The college education system in the Soviet Union was completely different compared to other countries in the world. Most of the high school graduates had a desire to continue their education and become professionals. Despite the fact that the salary of an average toolmaker in the USSR was approximately 4 times more than the income of an average physician, we all tried to reach our goals and to bring our professional dreams to life. The requirements in Soviet schools were high. By graduation, a high school student already knew a lot about different professions and had a strong opinion of what he/she liked and wished to do.
And because so many people applied for a higher education, colleges were unable to accept all of them. Each enrollee had to take 4 – 5 different examinations in varying subjects and only f the best were admitted.
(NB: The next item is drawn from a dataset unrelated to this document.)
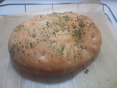 シンプルな岩塩と、自家製パセリを乗せただけのフォッカッチャです。

Medical schools traditionally were in high demand and required four tests: biology, chemistry, physics, and Russian Language + Literature (essay). The Soviet educational system did not allow any multiple choice examinations. On each test, the examinee pulled a ticket from a basket with four questions that he/she presented to the examiner (usually high-level scientists) face to face. No writing or guessing. Anytime the examiner wasn’t comfortable with the answer given, additional questions were asked.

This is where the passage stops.